Monza comeback win keeps Audi Sport Italia’s Bar Baruch GT3 title bid alive

At the historic Italian venue, the young Audi Sport Italia guns may not have succeeded in impersonating miracle workers across two successive GT3 rounds. However, their stunning Saturday comeback win on wet and today fifth place on a glorious Sunday afternoon was an effort good enough to keep Bar Baruch alive as an Italian champ hopeful and send Mattia Drudi back to his usual Mobil 1 Porsche Supercup chores happy to have posted his maiden GT3 win.

The Karmiel, Israel-based driver will return to the deciding rounds at the Mugello finale nourishing his 132 points haul. After claiming at Monza his third 2018 win (in the previous ones he was alongside Audi stars Marcel Fässler and Jamie Green), Baruch is poised to make his best to spoil the showdown between Lamborghini’s leading duo (and Monza Sunday winners) Giacomo Altoé, Daniel Zampieri and Ferrari’s former champ Stefano Gai. They boast respectively 143 and 138 points, therefore Baruch will play an underdog role.

An underdog role that he and Drudi starred in on Saturday, as drizzle early on and then rain fell over the Villa Reale park. Starting from row four Baruch had an excellent stint, moving up from P7 to runnerup behind Gai’s Ferrari. As the track deceptively looked on the verge of drying up, Audi Sport Italia and most teams opted to swap rain tyres for slicks. All the drivers taking the wheel in the second half of the race soon found out that it had been an optimistic move.
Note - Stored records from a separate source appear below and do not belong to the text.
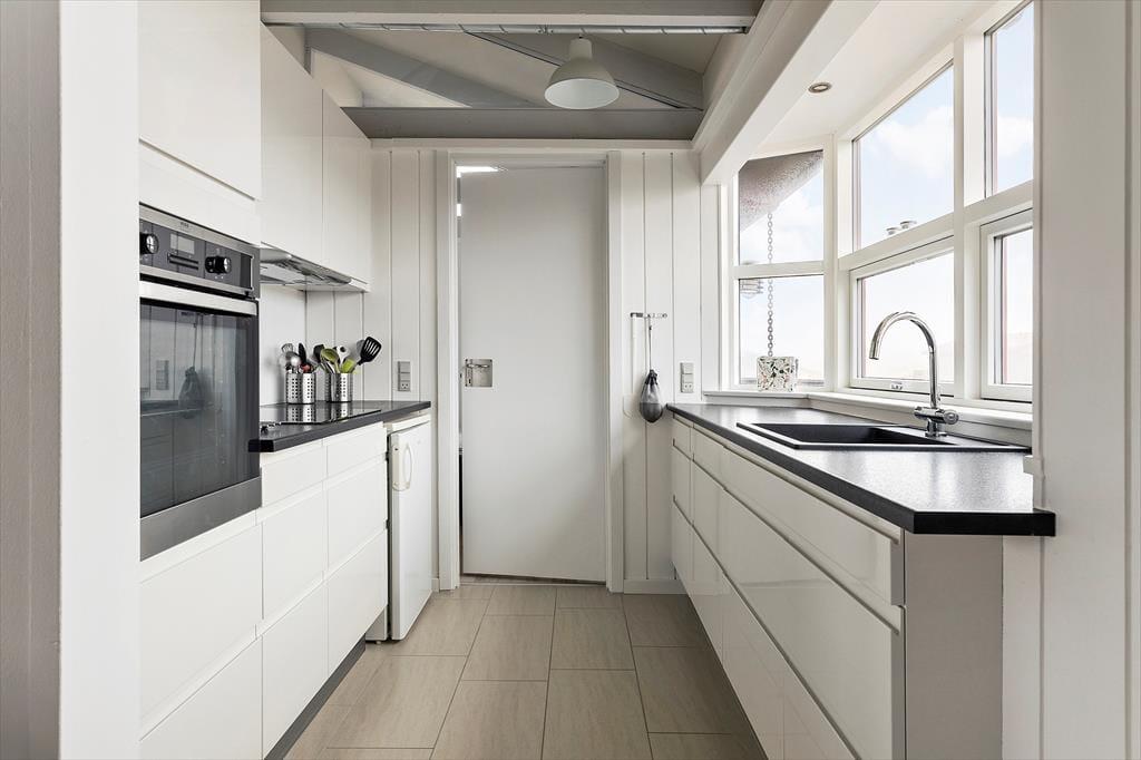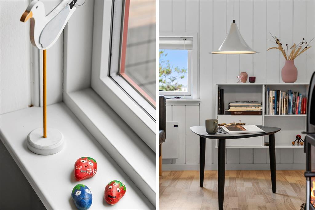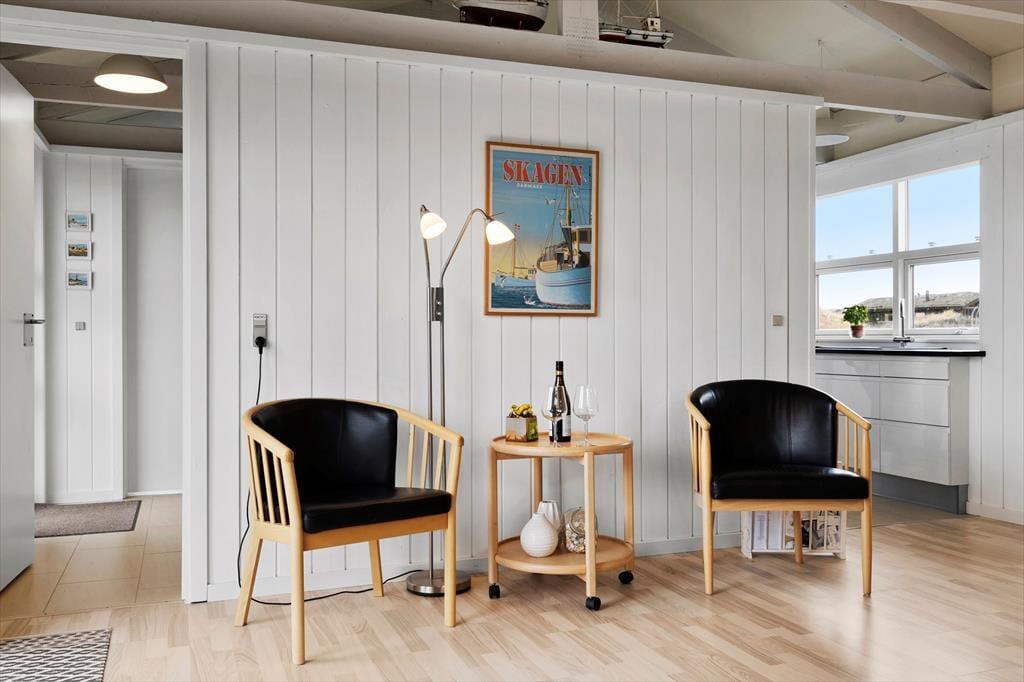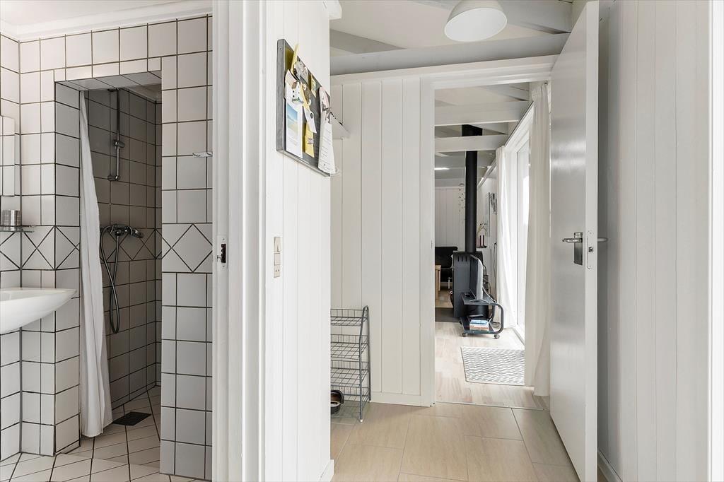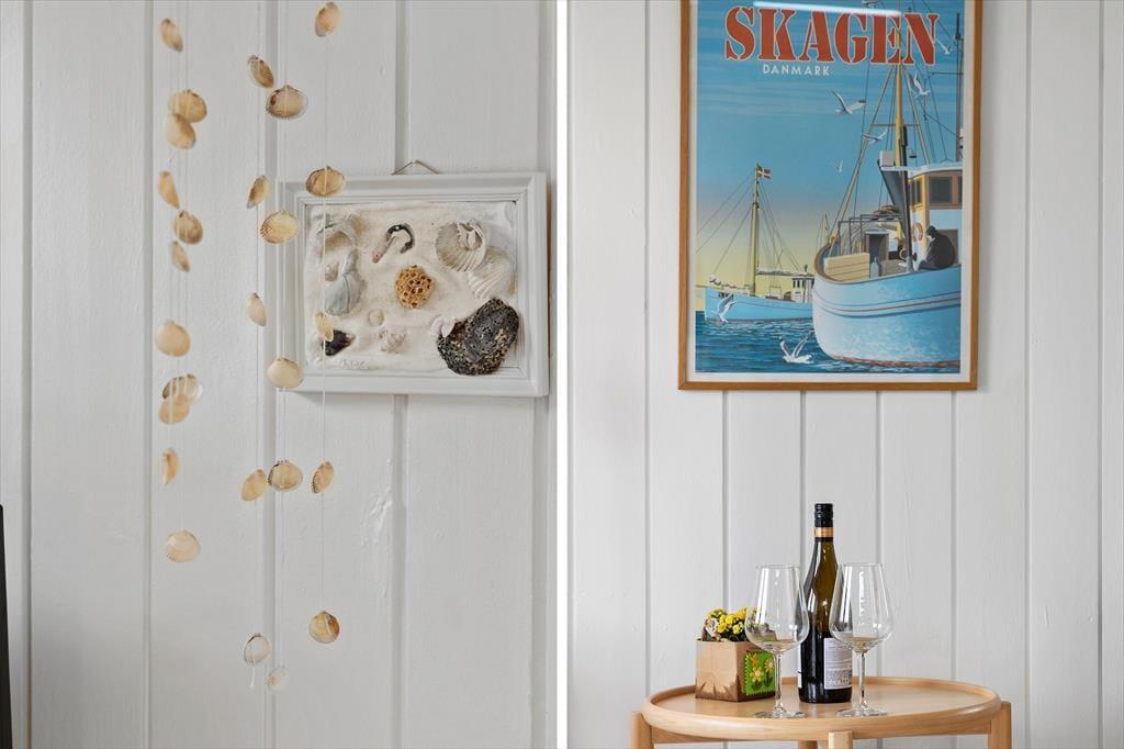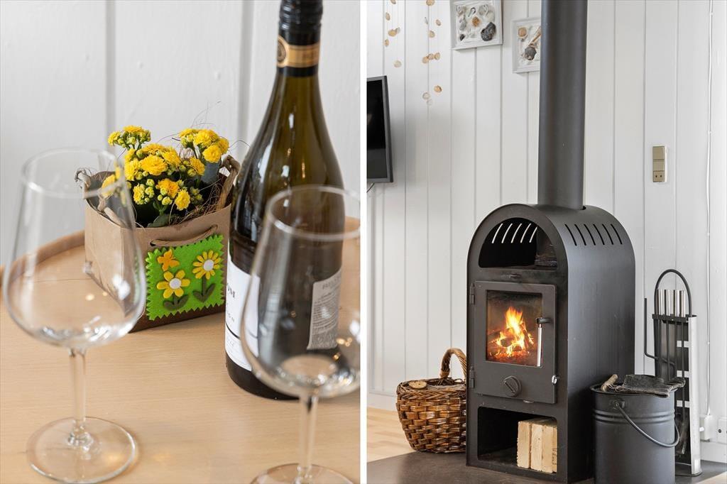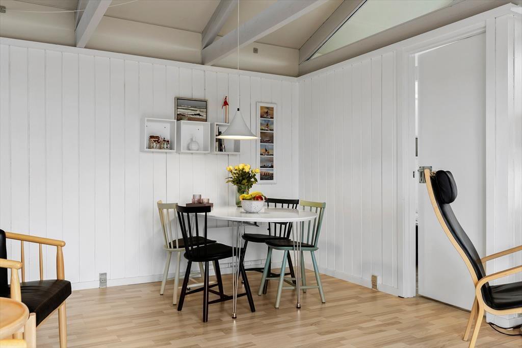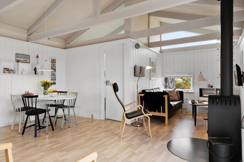 Indenfor bliver du mødt af en lys og indbydende atmosfære, hvor loftet går til kip og skaber en skøn rumfornemmelse. Brændeovnen står klar til at sprede varme og hygge, når aftenerne bliver kølige, og den velindrettede planløsning sikrer, at du og dine kære har god plads til både samvær og afslapning. Indretningen oser af klassisk sommerhuscharme, hvor træbeklædte vægge og bløde møbler indbyder til lange, langsomme morgener med friskbrygget kaffe og hyggelige aftener med kortspil og gode bøger. Uanset om du søger ro med en god film eller ønsker at nyde et godt måltid sammen med familien, er der plads til det hele her.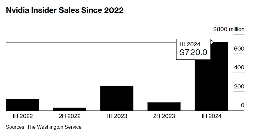 根据Washington Service汇编的统计数据,今年到目前为止,英伟达高管以及董事成员已经抛售大约77万股英伟达股票,价值超过7亿美元,这还不包括该公司6月10日以1拆10比例股票分拆带来的影响。根据Washington Service的最新数据,这是自2023年前六个月以来,以半年为基准的情况下最大规模的减持幅度,当时约有84.8万股被抛售。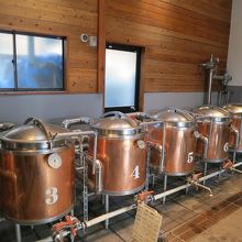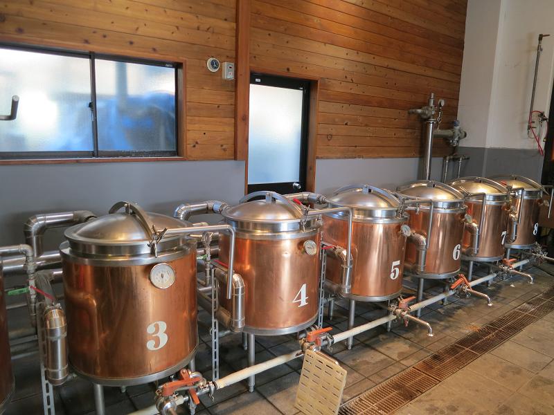 蔵を利用した手造りビール工房には釜が8つあり、1種類のビールに釜を2つ使うので同時進行できるのは4種類のビール造りです。予約は必須。作業はだいたい4時間くらいです。

As it is no one proved more versed for low-grip skills than Drudi: in spite of being one of the youngest on track, the Rimini-born driver tamed the slippery track and the opposition, posting a deserved and nail-biting victory in his third race sitting in a GT3 Audi.

Saturday heroics however today did not help Drudi to make the gap from the leading Ferraris and Lamborghinis: he had to call himself happy to recover a couple of spots, moving up from P7 to P5. On top of that his Israeli team mate also had to cope with the 15-second handicap-time prize that comes attached to every Italian GT win, and he deemed himself lucky to stay in P5 as he resumed the race, trying to close the gap from Gai’s Ferrari and fending off the challenge from the following 488 driven by Daniel Mancinelli and Andrea Fontana.